• Information supplied

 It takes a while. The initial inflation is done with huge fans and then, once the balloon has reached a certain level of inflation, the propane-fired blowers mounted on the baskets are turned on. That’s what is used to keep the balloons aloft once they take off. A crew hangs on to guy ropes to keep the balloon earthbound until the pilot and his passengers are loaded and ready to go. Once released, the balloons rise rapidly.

* * *

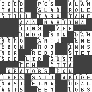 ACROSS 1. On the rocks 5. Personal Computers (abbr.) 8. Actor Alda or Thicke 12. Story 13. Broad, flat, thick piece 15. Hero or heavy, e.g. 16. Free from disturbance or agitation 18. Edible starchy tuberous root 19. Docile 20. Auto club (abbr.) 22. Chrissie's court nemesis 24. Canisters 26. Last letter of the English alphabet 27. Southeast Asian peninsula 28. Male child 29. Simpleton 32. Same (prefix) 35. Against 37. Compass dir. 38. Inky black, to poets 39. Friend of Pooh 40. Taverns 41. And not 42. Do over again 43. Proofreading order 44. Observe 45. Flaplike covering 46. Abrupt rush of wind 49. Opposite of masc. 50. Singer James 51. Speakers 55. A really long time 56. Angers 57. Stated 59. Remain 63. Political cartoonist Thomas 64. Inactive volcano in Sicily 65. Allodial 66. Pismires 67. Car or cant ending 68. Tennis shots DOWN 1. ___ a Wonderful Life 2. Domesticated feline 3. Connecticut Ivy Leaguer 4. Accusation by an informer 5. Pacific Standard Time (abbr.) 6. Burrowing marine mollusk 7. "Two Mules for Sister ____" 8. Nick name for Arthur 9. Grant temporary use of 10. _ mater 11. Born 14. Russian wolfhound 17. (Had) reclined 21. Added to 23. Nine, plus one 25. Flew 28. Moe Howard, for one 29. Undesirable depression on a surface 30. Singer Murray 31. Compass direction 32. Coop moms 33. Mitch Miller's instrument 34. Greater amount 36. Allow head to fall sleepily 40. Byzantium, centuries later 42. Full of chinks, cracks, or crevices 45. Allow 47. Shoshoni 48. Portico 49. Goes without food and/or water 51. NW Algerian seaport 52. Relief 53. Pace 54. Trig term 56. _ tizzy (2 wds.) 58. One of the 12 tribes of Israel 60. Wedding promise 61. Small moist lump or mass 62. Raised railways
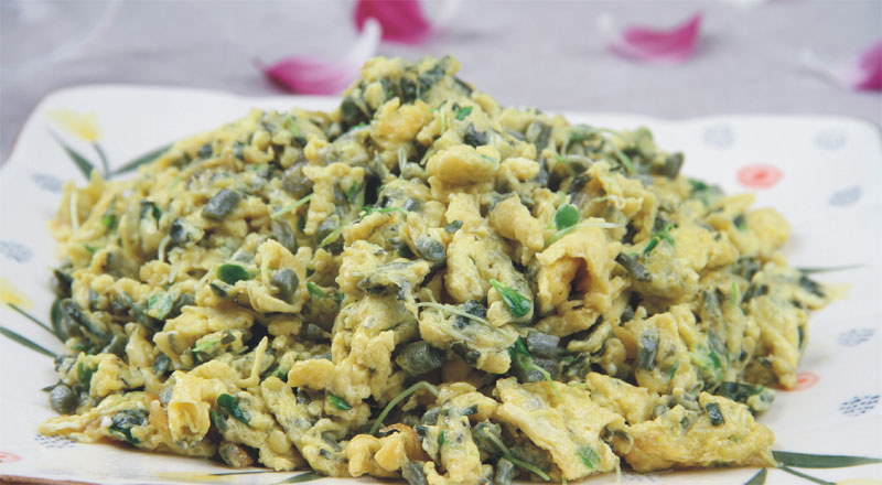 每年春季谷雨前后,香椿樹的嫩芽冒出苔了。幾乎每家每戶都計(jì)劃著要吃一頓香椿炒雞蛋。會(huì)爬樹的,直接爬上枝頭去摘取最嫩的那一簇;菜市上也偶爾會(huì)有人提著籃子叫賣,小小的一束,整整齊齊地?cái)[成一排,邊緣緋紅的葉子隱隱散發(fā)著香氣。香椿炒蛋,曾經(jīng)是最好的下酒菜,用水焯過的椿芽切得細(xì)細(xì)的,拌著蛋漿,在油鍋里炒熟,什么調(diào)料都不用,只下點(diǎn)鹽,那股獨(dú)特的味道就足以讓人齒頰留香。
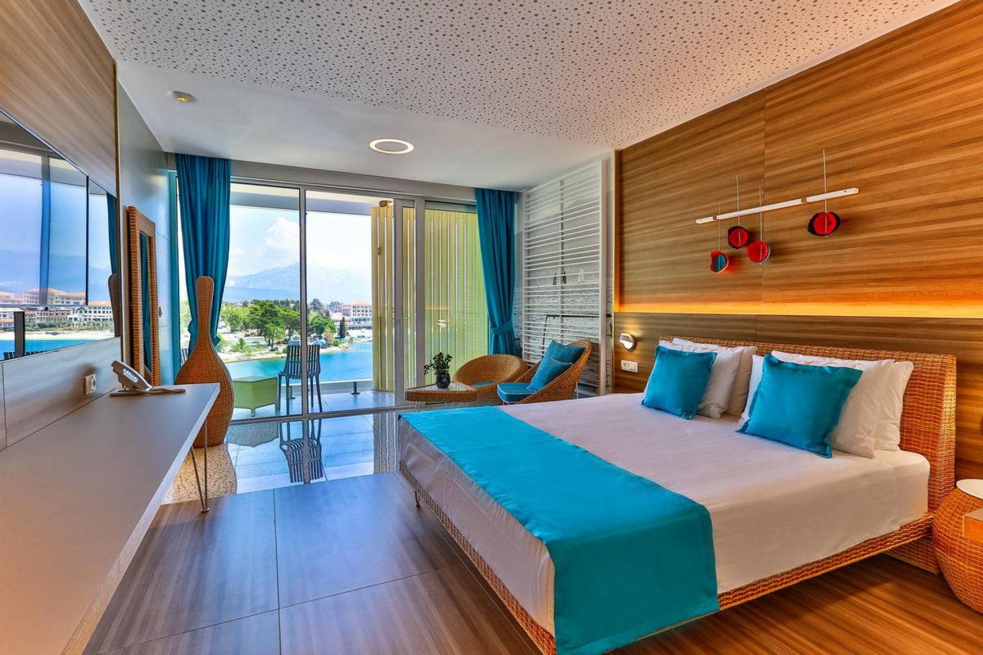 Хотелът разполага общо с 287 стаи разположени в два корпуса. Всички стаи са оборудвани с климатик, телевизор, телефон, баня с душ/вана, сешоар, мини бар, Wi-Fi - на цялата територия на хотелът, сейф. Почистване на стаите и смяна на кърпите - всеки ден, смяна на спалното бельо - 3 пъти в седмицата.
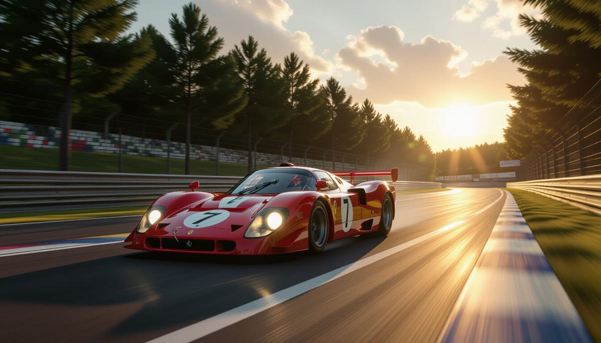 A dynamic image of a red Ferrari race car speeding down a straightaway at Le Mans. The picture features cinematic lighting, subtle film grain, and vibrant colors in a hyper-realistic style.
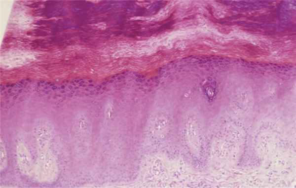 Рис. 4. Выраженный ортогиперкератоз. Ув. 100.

• What you are asked to do
Working from the data above, repeat exactly, and only, the lines that begin at the line containing "A dynamic image" and stop after the line containing "Рис. 4. Выраженный"; pictures are not copied.

• Answer box
 A dynamic image of a red Ferrari race car speeding down a straightaway at Le Mans. The picture features cinematic lighting, subtle film grain, and vibrant colors in a hyper-realistic style.
 Рис. 4. Выраженный ортогиперкератоз. Ув. 100.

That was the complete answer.